The average interest rate on a 30-year fixed-rate mortgage Wednesday was 5.76 percent, the lowest it has been since February, according to HSH Associates, which publishes mortgage information. The lowest daily figure this year was 5.47 percent on Jan. 23.

Mortgage brokers fielded a steady stream of calls Wednesday from borrowers looking to refinance. But some of those callers were confronted with an unwelcome truth: only those with good credit histories and equity in their properties need apply. And with the damage wrought by the real estate downturn, now in its third year, that number has declined dramatically.

Lower rates won't mean much for the more than 4 million homeowners who are already behind on their mortgage payments, or the 12 million homeowners who owe more money to the bank than their homes are now worth.

"This will help the non-troubled borrower, the standard consumer who is making payments on time," said Mike Larson, real estate analyst with Weiss Research. "For the troubled borrower, you really have to look at some other avenues," including modifying their existing mortgage with their current lender.

Rates react to supply, demand and risk associated with certain securities. Mortgage rates have hovered stubbornly around 6 percent for months.

With this week's announcement to buy $600 billion in mortgage-related securities, the Fed became the 800-pound gorilla in the market. The Fed's demand for securities will drive prices higher, and yields and (with luck) interest rates lower.

"If these rates hold, you'll see these refinance applications really start to take off next week," said Marc Savitt, president of the National Association of Mortgage Brokers.

Already, some homeowners were lining up on Wednesday.
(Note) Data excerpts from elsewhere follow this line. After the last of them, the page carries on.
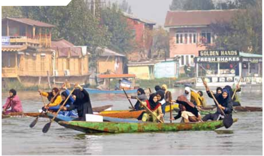
Women compete in a boat race at the Dal Lake, in Srinagar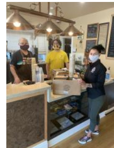
Oxnard Kiwanis donated coffee and pastries to 60 staff at Covid-19 testing center Clinicas de Camino Real in Oxnard.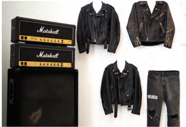
Johnny Ramones and Marky Ramones jackets and jeans are on display during a press preview.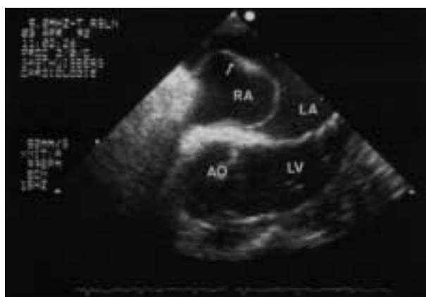
Fig. 2. – Transoesophageal echocardiographic view showing the cavities of the left atrium, (LA) left ventricle, (LV) right atrium, (RA) and aorta, (Ao). An aneurysm of the interatrial septum is bulging into the left atrium (arrow).

At surgery, an aneurysm of the fossa ovalis with two small perforations was found. Resection of the aneurysm and closure of the atrial septal defect was performed. After resection, the two small perforations widened substantially during the in vitro reconstruction of the bulging position of the aneurysm. Postoperatively, the platypnoea and orthodeoxia were resolved (table 1) and the patient was discharged in good condition. The physiological shunt through the left lung was postoperatively calculated at 13% in upright and 11% in supine position.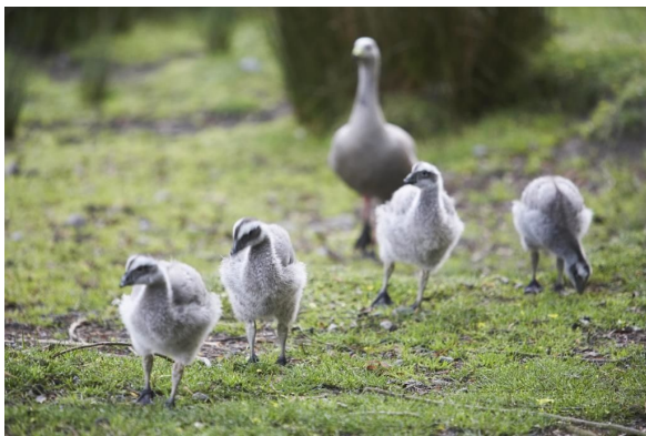
Cape Barron Geese

Family pass $125 (2 adults and up to 3 children) unlimited access for a whole year.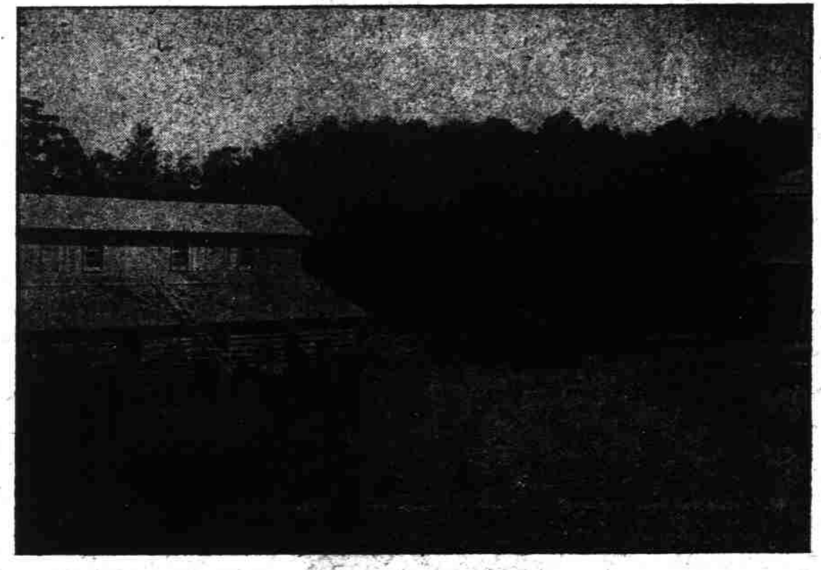
A View of a part of the Albemarle Park, Where the Fair will be held.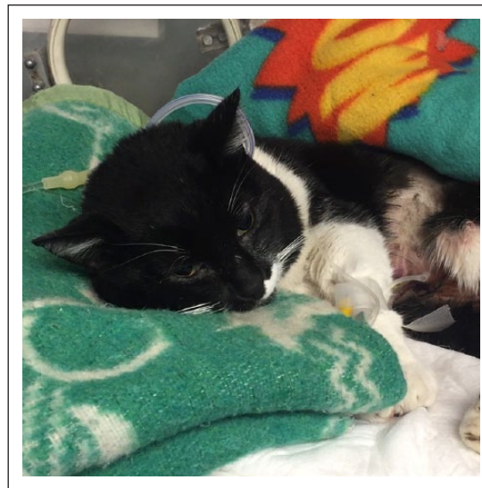
Figure 2 Patient during anesthesia recovery with 15 points on the UNESP-Botucatu multidimensional composite pain scale

The procedure was performed 24 h after admission and lasted 2 h. Surgery corrected the hernia, resecting 1 \times 2 cm of muscular wall and releasing the intestine (duodenum and jejunum) that was attached to the abdominal wall. The anesthetic protocol consisted of methadone (0.2 mg/kg IV), ketamine (2.5 mg/kg IV)/midazolam (0.25 mg/kg IV), maintenance with isoflurane and an epidural injection (bupivacaine 0.5%: 0.3 ml/kg; morphine: 0.1 mg/kg). Upon skin and muscle incision, the patient showed a sympathetic response (tachycardia, hypertension and tachypnea). Fentanyl (5 \mu g/kg/h) and ketamine (0.6 mg/kg/h) constant rate infusion (CRI) was initiated; tachycardia (204 bpm) and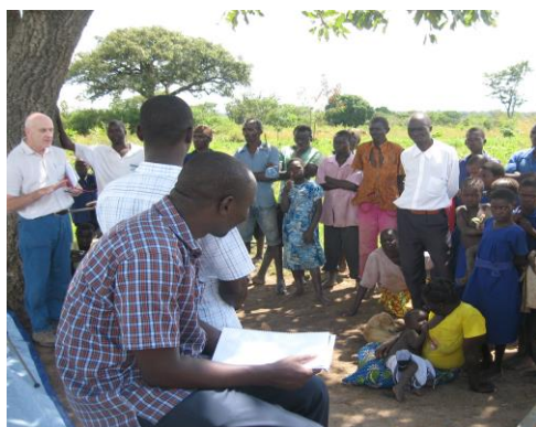
Photograph 1. Well point community discussions in Amuria District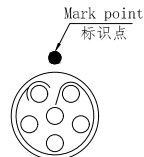
view K K向孔位排列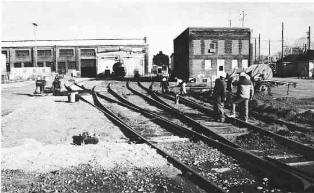
ARKANSAS RAILROAD MUSEUM track work was progressing nicely in December 1996. New track was being laid on the west side of the Pine Bluff museum (home of Cotton Belt #819) for displaying the museum's increasing collection of equipment.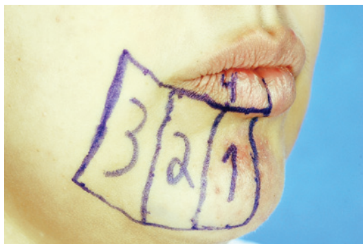
Figure 2 – Anatomical regions tested were: (1) the medial, (2) paramedial, and (3) mental foramen sections of the chin and (4) the lower lip vermillion section.

The test started with the thinner filament, followed by filaments with progressively increasing thickness. The patient was asked to answer yes when the touch of the monofilament was felt. Then, a filament immediately thicker was tested, but only in the areas without positive response to the previous filament. Each stimulus was maintained for approximately 1.5 seconds, and articulate movements were avoided during use of the monofilaments. For each tested monofilament,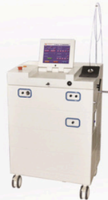
Model KL Nd:YAG Laser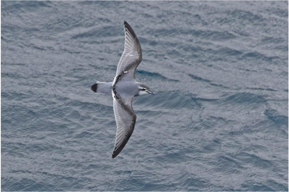
Antarctic Prion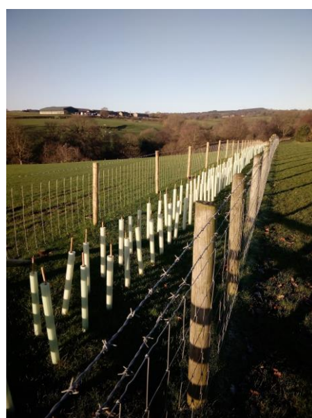
Two of the newly fenced, banked and planted hedgerows at High Whitaker Farm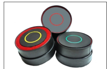
Conductivity Reference Pads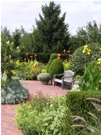
Chicago Botanic Garden

Brenda Pittsnogle and her husband are combining their first and second mortgages, with rates of 5.875 and 6.5, in a refinancing deal at 5.375 percent. That will save the couple $170 a month.

They had been waiting for the past six or seven months for interest rates to fall this low.

"We're elated," said Pittsnogle, of Kearneysville, W.Va. "We really never thought that it would go down as far as it has."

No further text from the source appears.